Scholarly and Community Advisor

Werner Sollors earned his doctorate from the Freie Universität Berlin and holds the Henry B. and Anne M. Cabot Chair as Professor of English and Professor of Afro-American Studies at Harvard University, where he joined the faculty in 1983. He served as chair of the Afro-American Studies Department from 1984 through 1987 and from 1988 through 1990, of the History of American Civilization Program from 1997-2002, and of Ethnic Studies from 2001 through 2004 and in academic year 2009-10.  He has also taught American literature at Columbia University, at the Università degli Studi di Venezia Ca` Foscari, at the Freie Universität Berlin and, as visiting Professor, at Nanjing Normal University, at La Sapienza in Rome, at the Universität Bern, at Ludwig-Maximilian-Universität München, and at New York University Abu Dhabi.

He is the recipient of John Simon Guggenheim Memorial Foundation and National Endowment for the Humanities Fellowships and of the Constance Rourke award for the best essay in American Quarterly. He is Fellow of the American Academy of Arts & Sciences as well as Corresponding Member of the Austrian Academy of Sciences and of the Bayerische Amerika-Akademie.

Coeditor with Greil Marcus of A New Literary History of America (2009), his major publications include Beyond Ethnicity: Consent and Descent in American Literature and Culture (1986), Neither Black nor White yet Both: Thematic Explorations of Interracial Literature (1997), and Ethnic Modernism (2008). He has written essays on ethnicity, pluralism, migration, multiculturalism, and numerous authors, among them Olaudah Equiano, Mark Twain, W. E. B. Du Bois, Charles Chesnutt, Mary Antin, Jean Toomer, Zora Neale Hurston, Henry Roth, Richard Wright, Ed Bullins, Adrienne Kennedy, Amiri Baraka, and Charles Johnson. His edited books include The Return of Thematic Criticism (1993), Theories of Ethnicity (1996), Mary Antin’s The Promised Land (1997), The Interesting Narrative of the Life of Olaudah Equiano (2000), Interracialism (2000), The Multilingual Anthology of American Literature, coedited with Marc Shell (2000), Charles W. Chesnutt’s Novels, Stories, and Essays (2002), An Anthology of Interracial Literature (2004), Frank. J. Webb, Fiction, Essays & Poetry (2005), Alexandre Dumas’s Georges (2007), African American Literary Studies: New Texts, New Approaches, New Challenges, a special issue of Amerikastudien / American Studies (2011), coedited with Glenda C. Carpio, Die Toten habe ich nicht befragt (2011), David Boder’s interviews with survivors recorded in 1946, coedited with Julia Faisst and Alan Rosen, and the forthcoming Norton Critical Edition of Charles W. Chesnutt’s novel The Marrow of Tradition (2012).

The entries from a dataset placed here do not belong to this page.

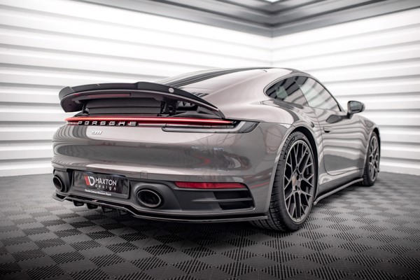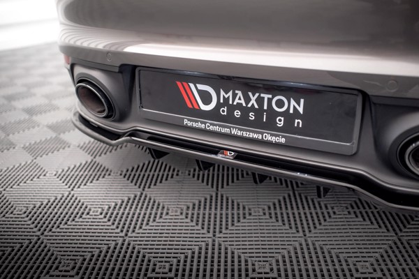 Maxton Central Rear Splitter (With Vertical Bars) Porsche 911 Carrera 4S 992 - Gloss Black
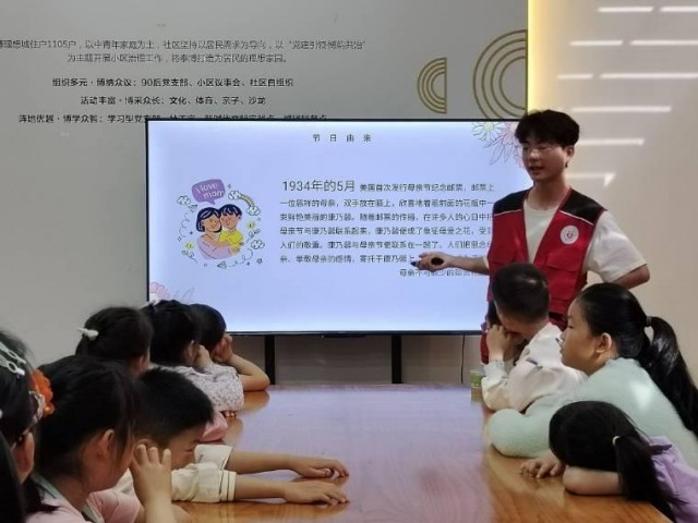 在活动正式开始前,志愿者们通过精心制作的PPT,向参与活动的小朋友们详细介绍了母亲节的由来和历史意义,通过志愿者们的生动讲解,小朋友们了解到国际上将每年5月的第二个星期天作为法定的母亲节,在这一天,人们会送给母亲一些小礼物。而康乃馨被选中为献给母亲的花正是因为1934年的5月,美国首次发行母亲节纪念邮票,邮票上一位慈祥的母亲,双手放在膝上,欣喜地看着前面的花瓶中一束鲜艳美丽的康乃馨。随着邮票的传播,在许多人的心目中把母亲节与康乃馨联系起来,康乃馨便成了象征母爱之花。
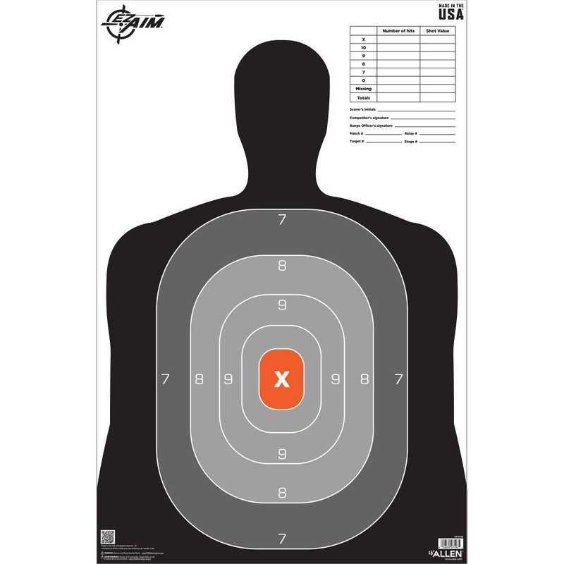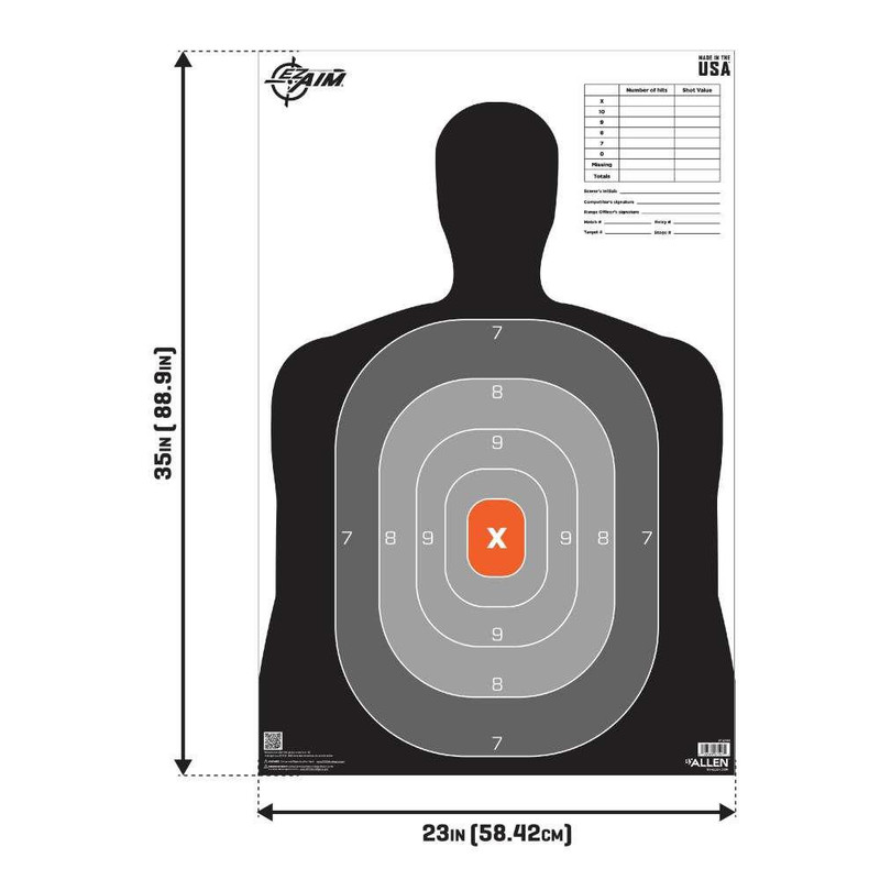 Allen EZ Aim B27 Pro Silhouette Paper Target 23" x 35" 50 Count - 15744
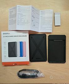 adda/case per memorie esterne 2.5 in plastica nera , la velocità dipenda dalla memoria inseriate tipicamente su ssd provati e sui 400/500 m/s .
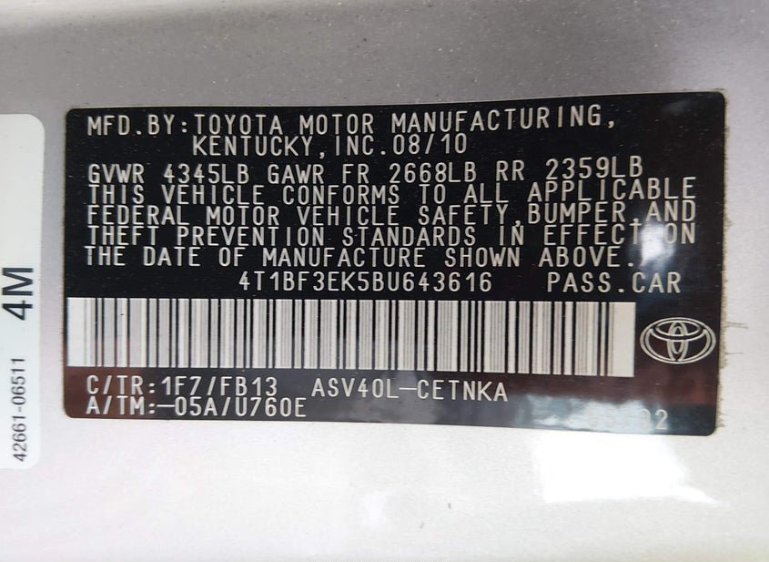 - VIN: 4T1BF3EK5BU643616
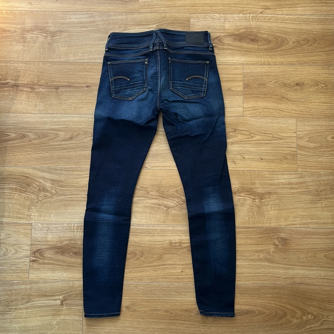 Mörkblåa jeans LYNN mid skinny från G-star raw. Storlek 28/30. Material: 35% bomull, 35% lycocell, 28% polyester och 2% elastan. Sparsamt använda, så nästan i nytt skick!
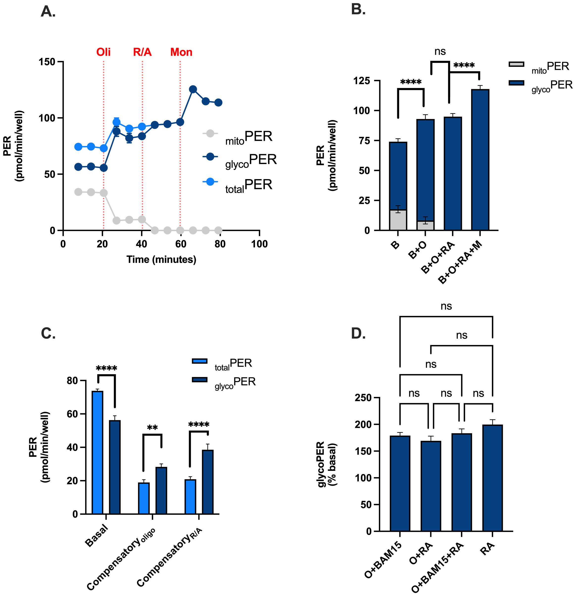 Figure 2. Feasibility of using a modified injection strategy for real-time metabolic profiling of PBMCs. PBMCs were assessed for OCR, PER, mitoPER and glycoPER in the presence and absence of the uncoupler BAM15, mitochondrial inhibitors (oligomycin or rotenone + antimycin A), and the ionophore monensin. (A) Kinetic traces of total PER (light blue circles), glycoPER (dark blue circles) or mitoPER (grey circles) following the sequential addition of respiratory effectors oligomycin, ronteone plus antimycin a and monensin. (B) Contributions of glycoPER (dark blue bars) and mitoPER (grey bars) from PBMCs in the presence of respiratory effectors. (C) Basal and compensatory PER (light blue bars) and glycoPER. (D) Respiratory effector-induced glycoPER (% basal). Data represent mean ± SEM from 3 technical replicates. Statistical differences were tested for by One-Way ANOVA with Tukey’s post-hoc test (**P < 0.01, ****P<0.0001), ns = not significant.
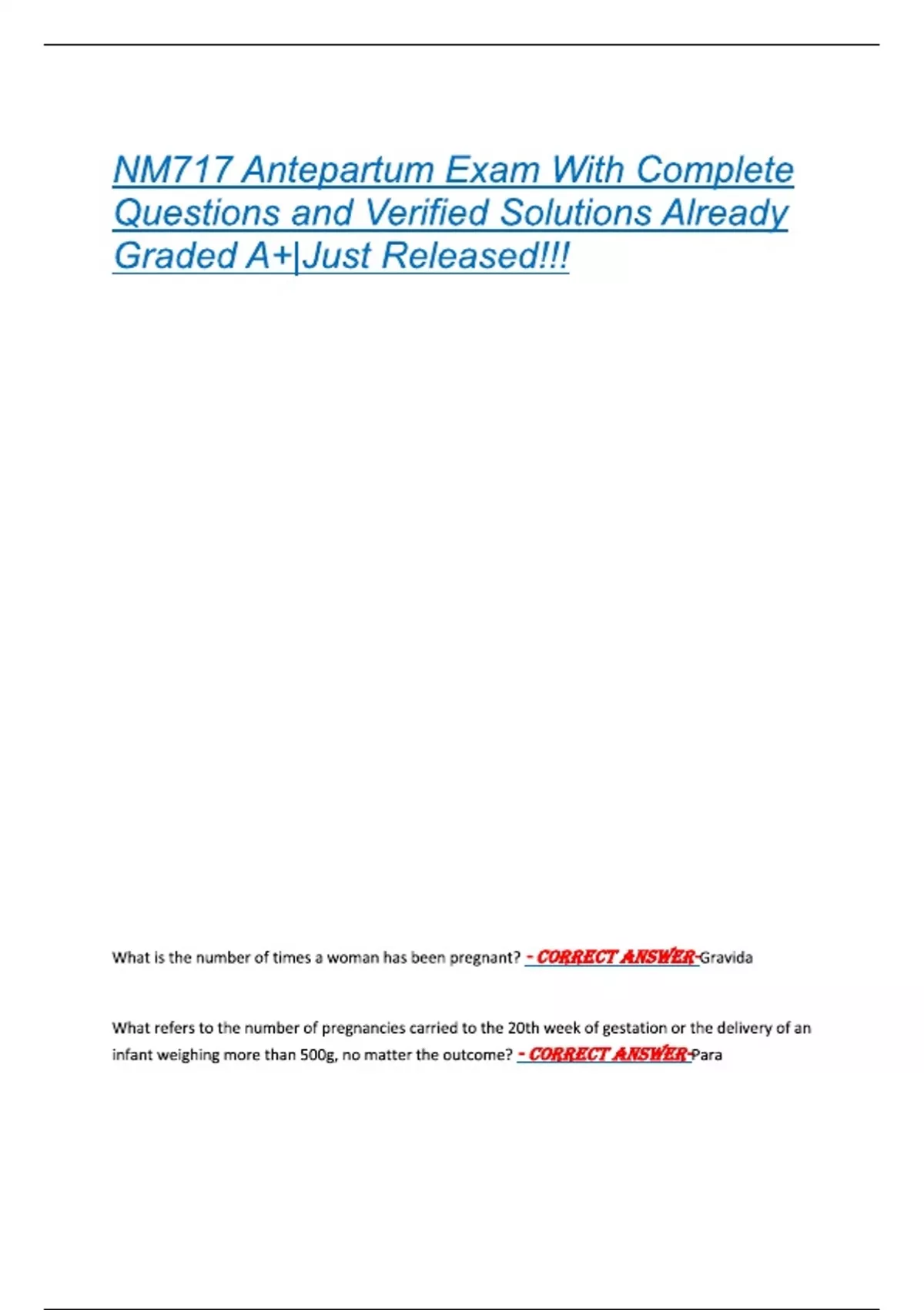 NM717 Antepartum Exam With Complete Questions and Verified Solutions Already Graded A+|Just Released!!!NM717 Antepartum Exam With Complete Questions and Verified Solutions Already Graded A+|Just Released!!!
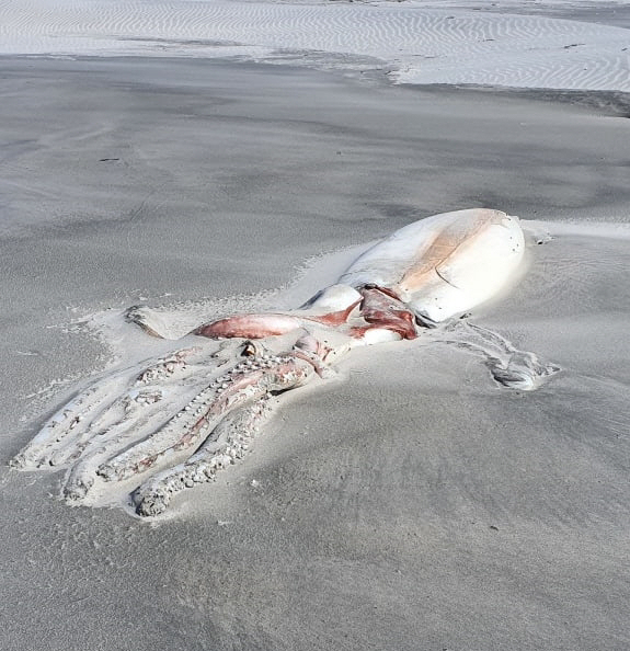 '몸통 길이만 4m' 뉴질랜드 해변서 발견된 대왕오징어 사체

He is currently at work on a book tentatively called Tales of the 1940s and on a John Harvard Library edition of Mark Twain's Pudd'nhead Wilson.

His lectures "Americans All?",  "Goodbye Germany,"Multilingual America: Zur  Vielsprachigkeit der Literatur der Vereinigten Staaten“, “’Making America’: On A New Literary History of America”, and his contribution to a panel on "Black Humor"  have been posted on the web.